Lets see, you base your views on patents by criticizing their claim construction, you don't like the DMCA b/c of the way its written, you find a general fault with IP b/c courts write narrow opinions:):):)
Unclear writing reflects either (a) clear thinking, poorly expressed, or (b) unclear thinking. The DMCA looks like unclear thinking.
If you think there's a clear idea underneath the DMCA's conceptual clutter, tell us what it is. What should the DMCA have said, in detail?
The DMCA probably should have made more clear how the anti-circumvention exemption aligns with traditional fair use under the copyright act, and addressed some "tinkering" practices that may be commonplace and beneficial among hobbyists and those in the industry.

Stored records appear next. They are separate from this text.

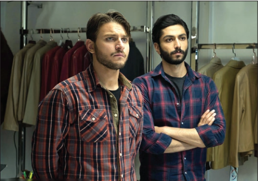
از سرنوشت ۴
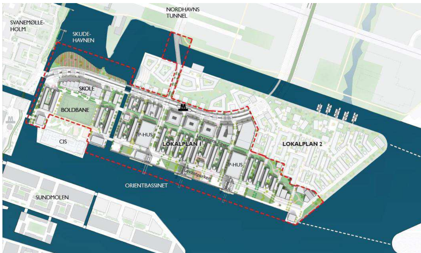
Foreløbig masterplan. Lokalplanafgrensningen for Levantkaj I er vist med rød stiplede linje og lokalplanafgrensningen for Levantkaj. Bebyggelsesplan og infrastruktur bearbejdes i den videre proces. Illustration: Entasis. TMF har på skitsen indtegnet to mulige bud på én mulig forbindelse til Lynetteholm samt bygherres forslag til opfyld i Skudehavnen, som er vist med rød skravering.
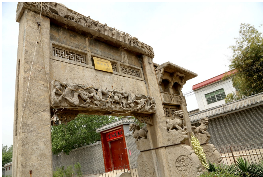
乔黄村里的牌坊

通过“美丽乡村”建设，我们村的环境得到了较大提升，主街道栽种的各种果树让村庄四季都有景色。环境好了，村民的精气神也足了。依托建筑机械制造，村里具有一定的产业基础。下一步，我们将重点谋划集体经济，传承孝道文化，打造具有文化品位的产业村。
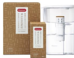
出汁をおいしくするためのポット型浄水器
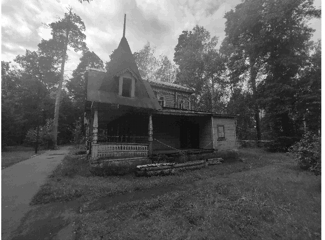
Фрагмент фасада объекта культурного наследия
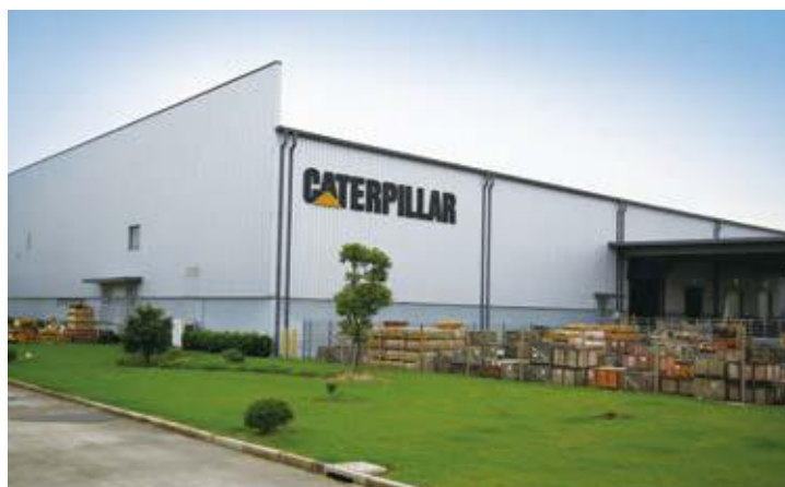
↑ 2016年拍摄 ↓ 2016年拍摄
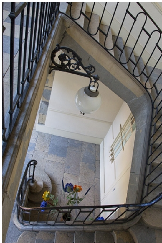
Intérieur, escalier d'honneur : vue en plongée. 25, Besançon, 7 rue Lecourbe, lieudit : îlot Refuge
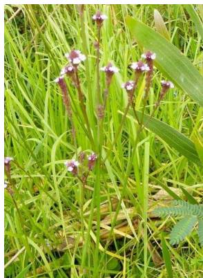
108 Verbena litoralis VERBENACEAE
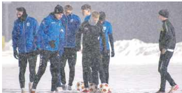
Wicelider z Lubartowa już trenuje. Jest ciężko, ale pracować trzeba

W minionym tygodniu piłkarze Lewartu wznowili treningi grupowe, inaugurując zimowy okres przygotowawczy. Zajęcia odbywały się w wymagających, typowo zimowych warunkach, co jednak nie wpłynęło na zaangażowanie zawodników.
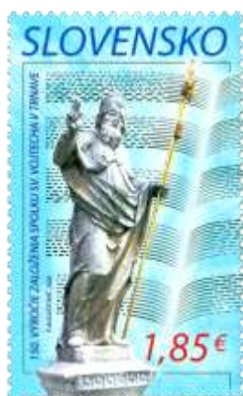
721) socha sv. Vojtecha pred kostolom sv. Mikuláša v Trnave
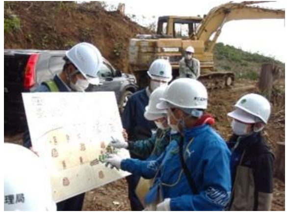
紙芝居に参加する子供たち
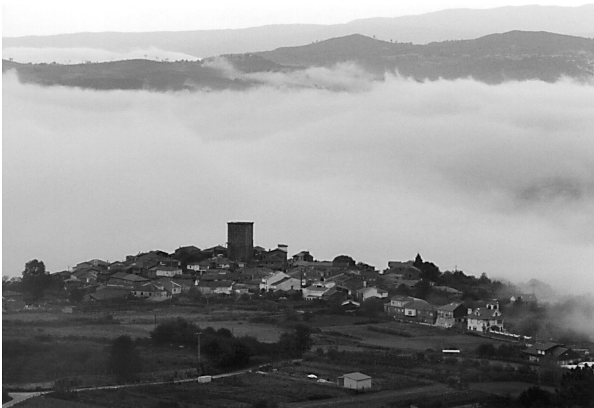
Vista xeral de Vilanova dos Infantes antes da restauración da torre.
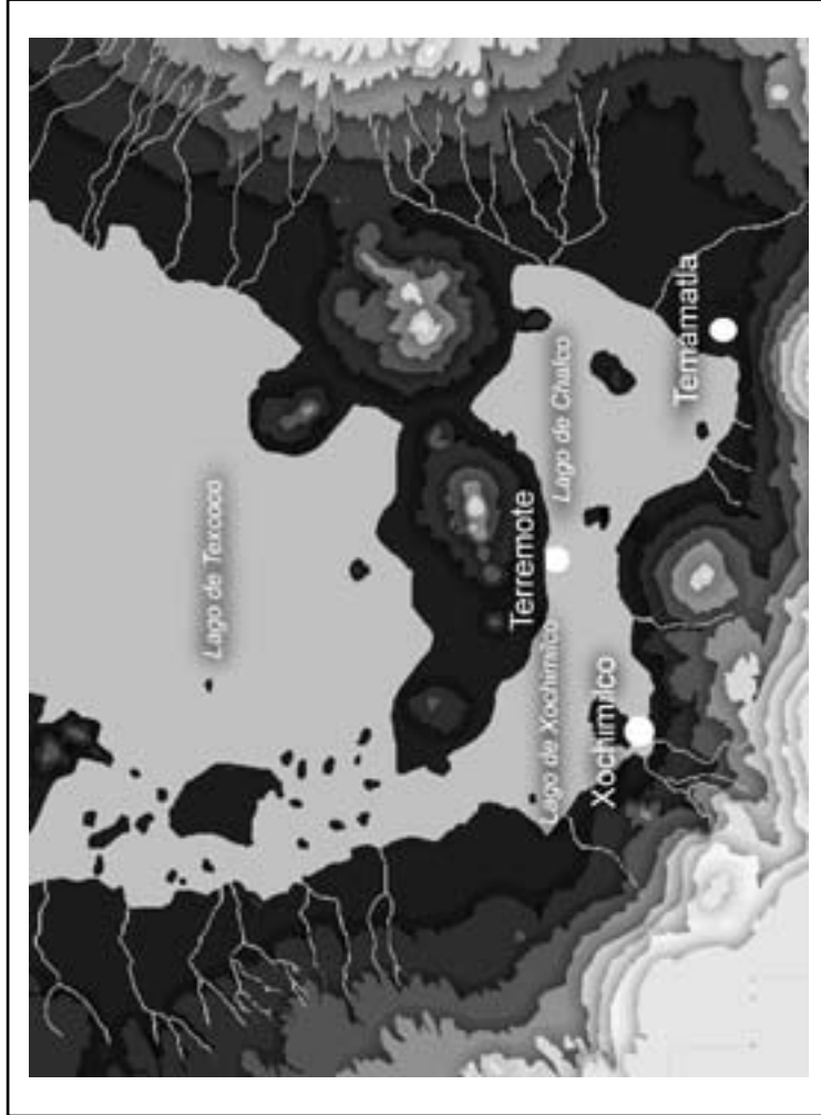
Figura 1. Localización de los sitios de Terremote, Temamatla y Xochimilco en el sur de la cuenca de México
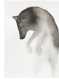
Anne van As Jump, 2016 Oost-Indische inkt, acryl en potlood op papier 20 x 15 cm

De dieren in de tekeningen van Anne van As hebben een zachte uitstraling en subtiele elegantie, maar zijn tegelijkertijd sterke persoonlijkheden. De kraaien, hazen, herten en rendieren kijken je eigenwijs aan. Ze lijken bijna menselijke eigenschappen te hebben en worden ook steeds vaker in een setting geplaatst die lijkt op een decor of filmset. Van As' beelden, met hun dromerige, zachte kwaliteiten en toegankelijke onderwerpen, zijn toch steeds wat melancholisch en een beetje onheilspellend.
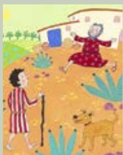
BILD UR BIBELBERÄTTELSE FÖR BARN I NORDEN. ILLUSTRATÖR: NADJA SARELL.

Gud är en nådig fader. Han söker syndaren och förlåter. I himlen gläder man sig över varje förlorad som blir funnen.
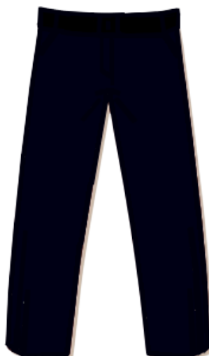
PANTALÓN DE VESTIR AZUL
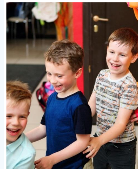
Вытянуть не можем
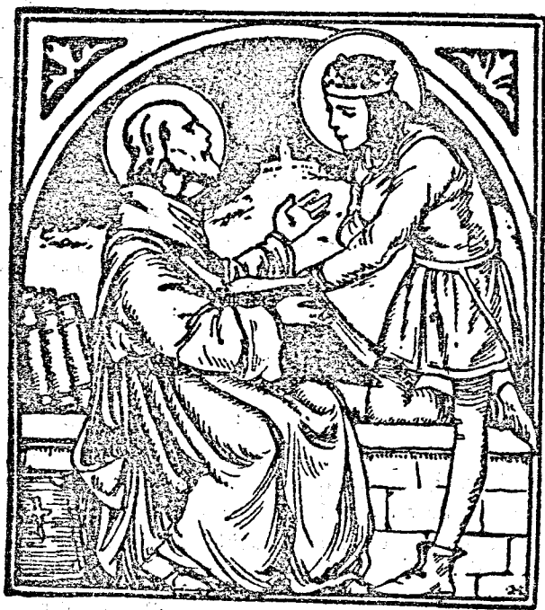
Szent Gellért tanítja Szent Imrét.

hogy milyen szeretettel és lelki bensőséggel nevelték. A keresztségben Heinrichusz (Henrik) nevet adtak neki, anyai nagybátyja, a később szintén szentté avatott II. Henrik német király és római császár után. II. Henrik névből magyar ajkon idővel Hemrik—Emrik, majd Emreh—Imreh lett.
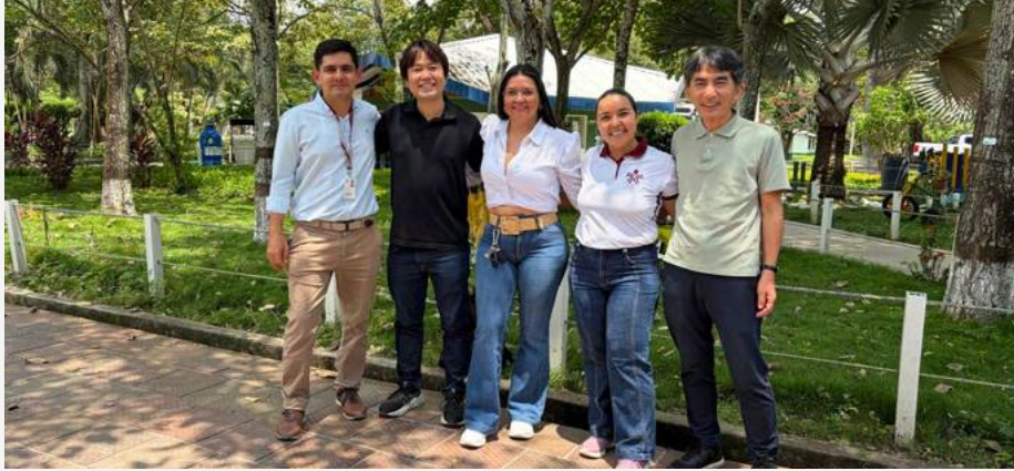
SENA Tolima realiza una alianza con la Agencia de Cooperación Internacional del Japón (JICA), para transformar procesos productivos.

El Centro Agropecuario La Granja (CALG), del SENA Tolima, continúa consolidándose como un referente de innovación en el departamento. Tras una reciente visita oficial de la Agencia de Cooperación Internacional del Japón (JICA), se ha confirmado una alianza estratégica que promete transformar los procesos productivos de la región mediante el intercambio de conocimientos con el país asiático.
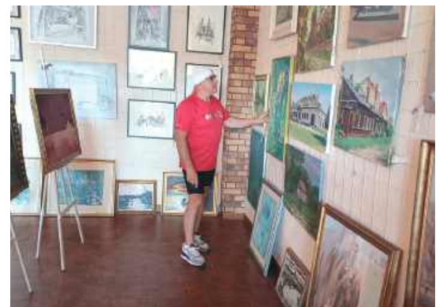
W Węgrowie Janusz Kobyłka zwiędził wystawę obrazów malarza Jerzego Stachury
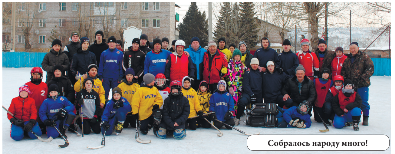
Собралось народу много!

Вообще, в хоккейном сезоне 2022-23 гг. устинкинцы по количеству выездных матчей, уровню игры и забитым мя-
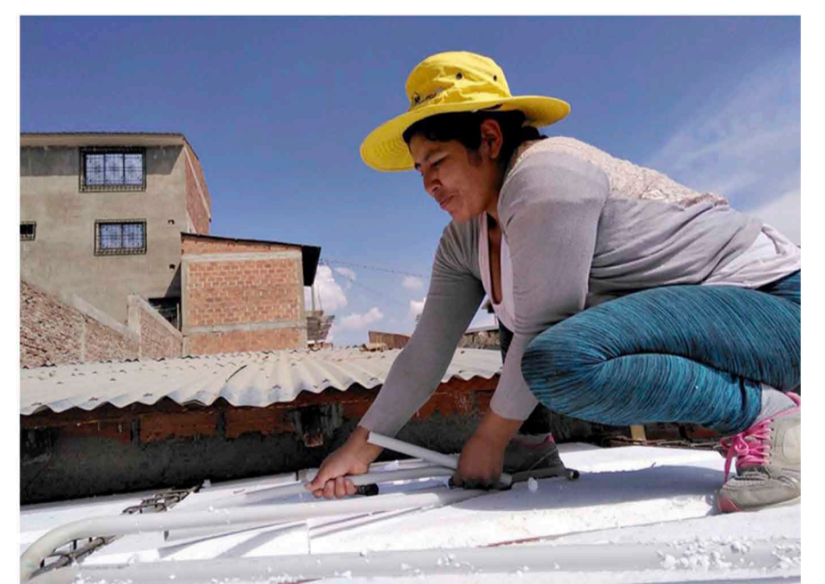
Com a part de les activitats del projecte d'instal·lacions sanitàries a l'assentament la Pampilla, 11 dones constructores, a través de la metodologia "d'aprendre fent" van instal·lar un total de 35 banys secs. ("Procasha", 2020)

I've written about this here (http://weblog.ipcentral.info/archives/2006/10/j...).
I'm curious, whats your view on what the DMCA should say.
The DMCA does read like a broad policy statement, which makes me suppose that courts have a lot of flexibility in their interpretation of it. The DMCA is not the only law to be vague on its face, and similar to other such laws, it will be clarified through the courts and further legislative changes.
So it's okay to be careless and unconsidering when creating a law (as certainly happened with the DMCA), but not okay to take a vague law and repeal it?
I raise this point because the justification to act on a law has to, well, justify its remedy right. So if societal costs of the DMCA's anticircumvention provision outweigh its benefits, then why choose a remedy like repeal when that might incur more costs and there are less drastic avenues to pursue. Repealing DMCA provisions because of unconstitutinality is consistent with this reasoning because any unlawful law needs to be repealed..
No. Vagueness suggests the law was poorly-thought out, passed on the knee-jerk and/or created with special interests (not the general public) in mind. All good indicators it should be scrapped and, if necessary, the process begun anew.
Clarification is well and good, but proceeds under the assumption that the intention (spirit) of the law is correct to begin with. In light of known abuses of the DMCA's anti-circumvention clause and no demonstrated benefit, its entire purpose for existence needs to be re-evaluated.
As for benefits of the DMCA, Jim Harper earlier wrote a beautiful blog on how digital music's creative destruction brought down Tower Records. Didn't this happen b/c of DRM under the legal framework of the DMCA.
To be frank, I see some of Tim Lee's arguments on DRM on this site, and it just floors me the extent to which he has to stretch even basic things to try and prove his point. Thats probably b/c he never reads market research or economics reports (and prefers to review 1 patent per week), and cooks the books to support his views.